The final segment revolves around two young girls going “out
on the town” for a traditional Saturday night together. An army of real
nurses – who have been rehearsing in a “Guantanamo-style” facility in dodgy
Dagenham down the road – will lead a celebration of Britain’s National Health
Service.
Then the iconic British references hit us hard and fast. Paul
McCartney will sing “Hey Jude”, the great Beatles hit from the 60s, then the equally ancient pop group Mud will blast out Tiger Feet.
Expect to hear Relax by Frankie Goes to Hollywood and the
late Amy Winehouse’s Valerie. And then witness “about 40” Mary Poppins figures,
using umbrellas for parachutes, drop in to take on Harry Potter’s evil enemy
Voldemort. Daniel Craig, who will be in the stadium, has pre-recorded a James
Bond sequence for the Olympics, though there are some who believe David Beckham
will leap out of the Bond-style helicopter live in the stadium.
The torch-lighting itself – which I believe will be carried
about by Sir Roger Bannister, the 83-year-old who first broke the four-minute
barrier for the mile in 1957 – involves a complex “fuse” mechanism which will burn a path along the hoardings to the
permanent flame, which will be housed on the rim of the stadium roof at
Stratford for the duration of both the Olympics and Paralympics for the next
month.
Bookmakers stopped taking bets on Bannister blazing his octogenarian
trail, though Queen Elizabeth II, King David of Los Angeles, decathlete Daley
Thompson and Britain’s most successful ever Olympian Sir Steve Redgrave are
also hovering hopefully with those boxes of very long matches.

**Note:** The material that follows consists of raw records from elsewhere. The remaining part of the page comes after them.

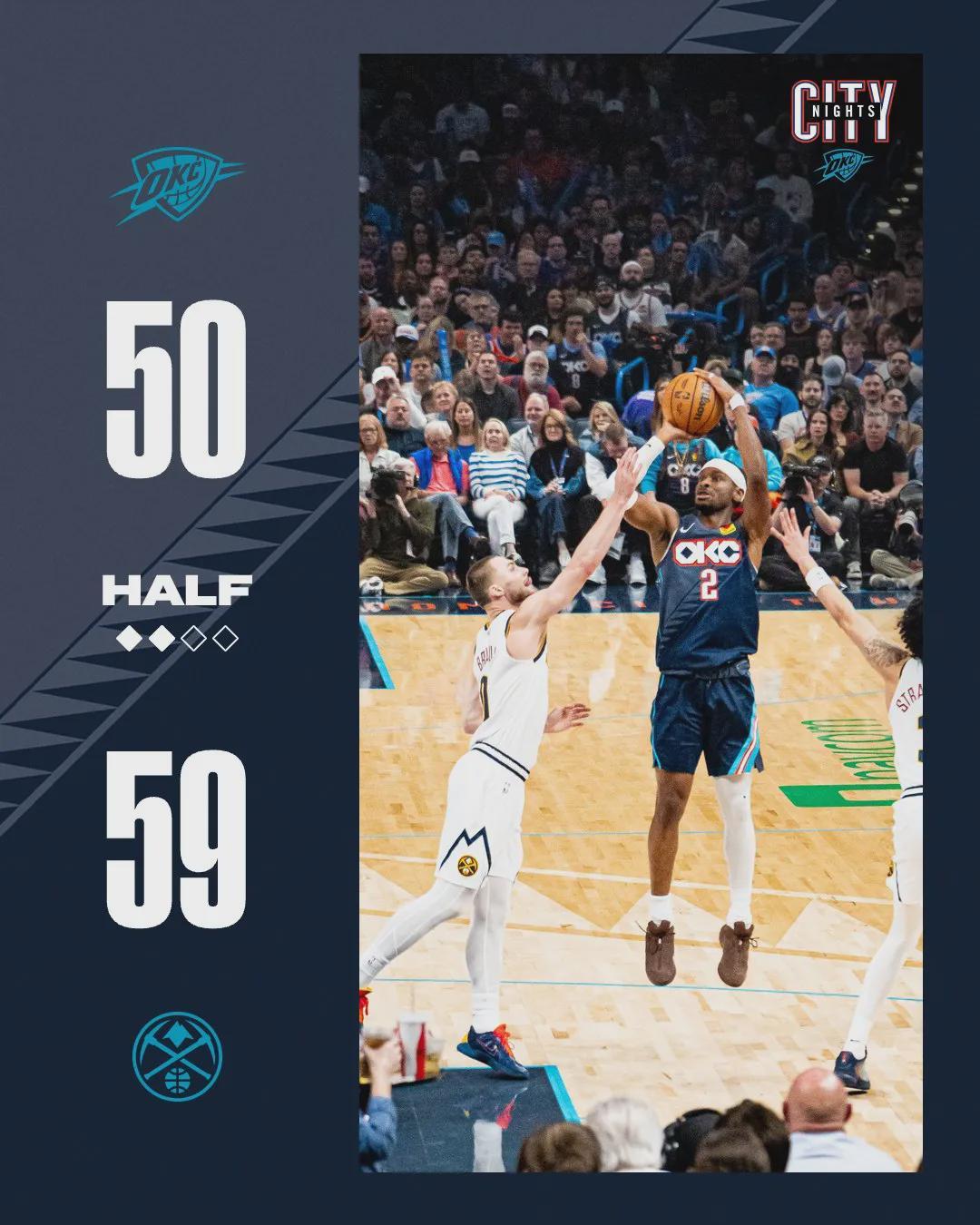亚历山大第二节6中4独得10分2盖帽,但雷霆全队上半场三分只有15中4。小哈达威成为掘金奇兵,上半场三分4中4独得12分,一个人的三分命中数和雷霆全队持平。但穆雷迷失了,上半场投篮8中2拿到8分,雷霆单节31-26追回5分。
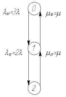 Рис.33. Граф переходов системы при двухкратном резервировании
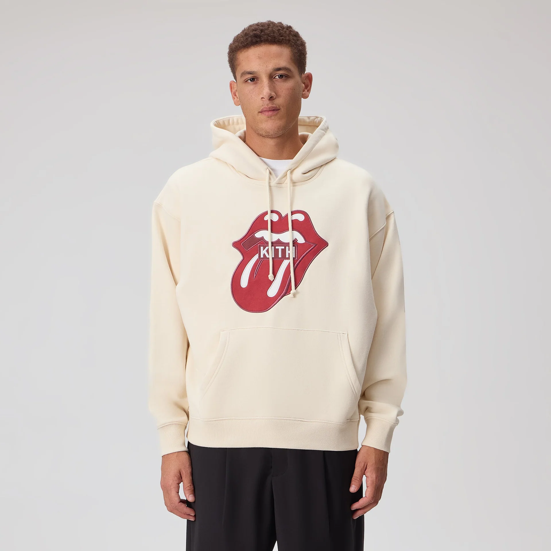 The Rolling Stones and Kith logo applique on the front
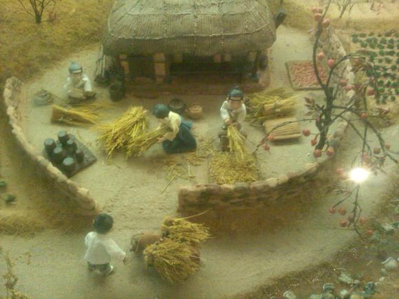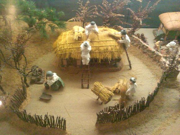비록 모형이지만 초가마을에서 그 옛날 정겨운 모습으로 닥아 오는 모형이 마치 타임머신을 타고 시간여행에 빠져드는 기분이다. 요즘은 초가집을 잘 볼 수가 없다. 젊은이들이 농촌을 떠나가 이엉을 엮어 올리는 대가 끊겼기 때문이다.
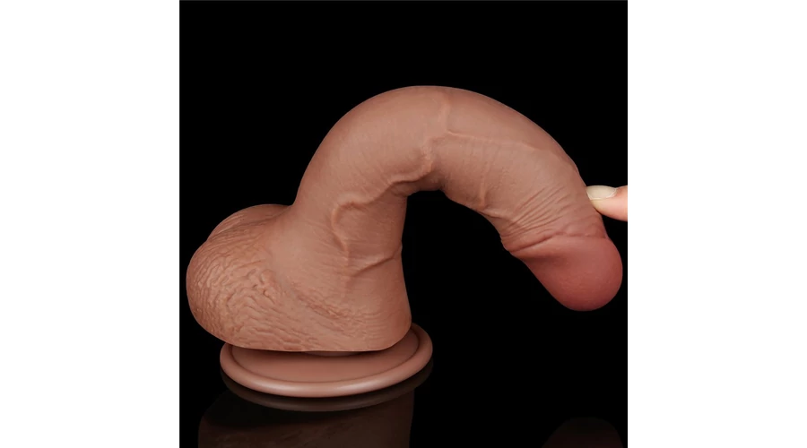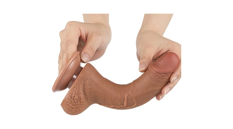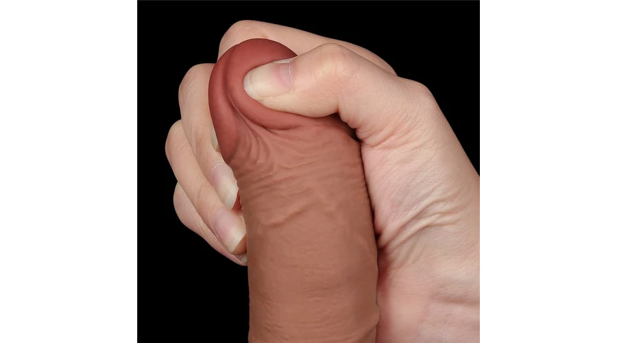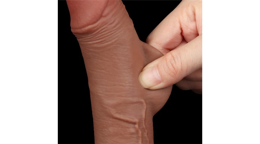 7.5'' Sliding Skin Dual Layer Dong Brown dildó herékkel és csúsztatható bőrrel
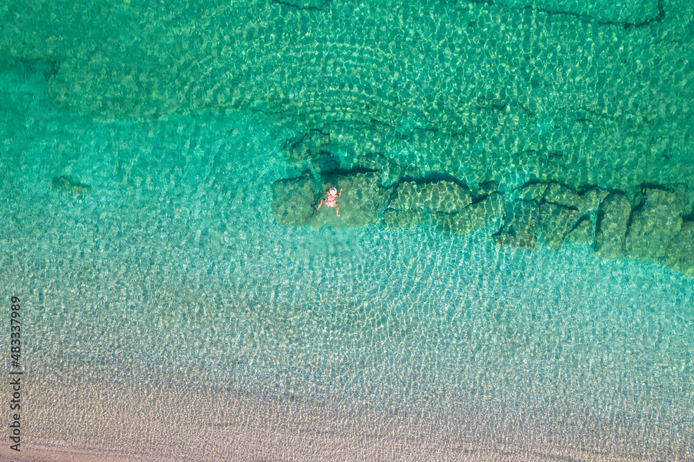 Top, aerial view. Young beautiful woman in a hat and white bikini swimming in sea water on the sand beach. Drone, copter photo. Summer vacation. View from above.
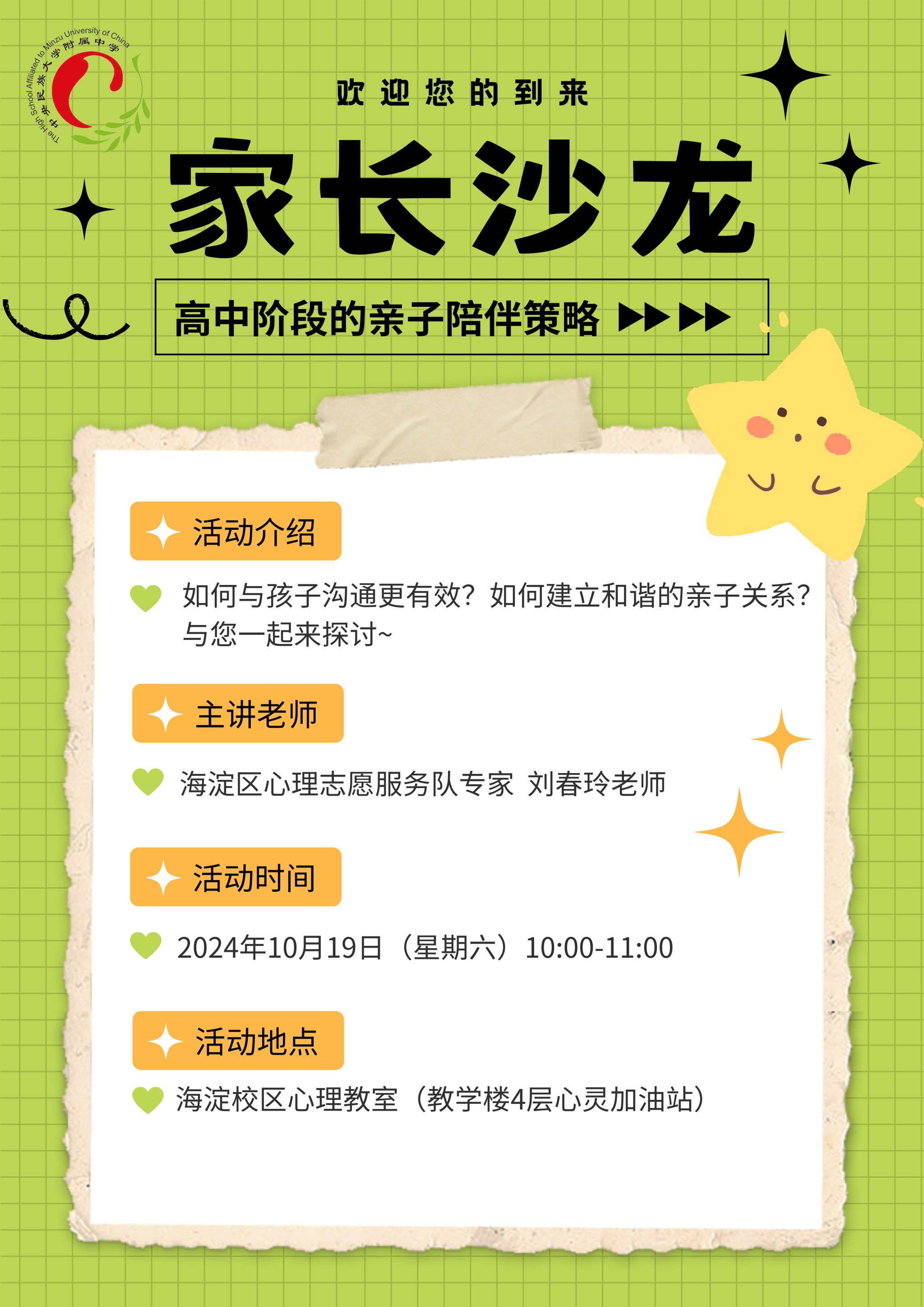 进入高中阶段,孩子面临新环境新挑战,父母也同样面临着新课题新转变,这个阶段的亲子关系质量对孩子的健康成长与未来发展至关重要。为了深度强化家校合作,携手促进学生的健康成长,近日,我校面向高一年级家长精心筹办了一场以“高中阶段的亲子陪伴策略”为核心议题的家长沙龙活动。此次活动旨在引领家长们掌握更有效的沟通技巧,与孩子共同构建基于理解与尊重的和谐亲子关系。

And then, finally, the athletes enter. Caster Semenya will
carry the flag for South Africa and Maria Sharapova will lead Russia as the 205
nations and most of their 100,000 athletes are encouraged to move swiftly around
the track by a high-tempo march by Underworld, who featured on Boyle’s
Trainspotting soundtrack. They've been politely asked NOT to delay proceedings by over-use of smart phones. Greece will lead the nations in, then everyone will be in alphabetical order until the hosts, Great Britain, enter last.
And, apart from a couple of speeches from International Olympic
Committee president Jacques Rogge and London 2012 chairman Seb Coe, will be
that.
The real start of the Olympics, the winning of the first
goal medal, will take place tomorrow on The Mall, where the men’s roadrace ends
after 250km involving multiple climbs of Boxhill in Surrey. Among the
favourites? Mark Cavendish of Great Britain and Darryl Impey of South Africa,
both fresh from the Tour de France.
Let the Games begin!
Just to update after a fascinating opening night in Stratford: no single individual lit the flame, seven nominated youngsters did the business. Subsequent criticism from Conservative MP Aidan Burley and media mogul Rupert Murdoch suggested Danny Boyle's effort was "too politically correct" but to my mind the way Britain showed off its multiculturalism was the best bit.
ReplyDeleteOh, and first medal of the Games went to China in the 10m Air Rifle.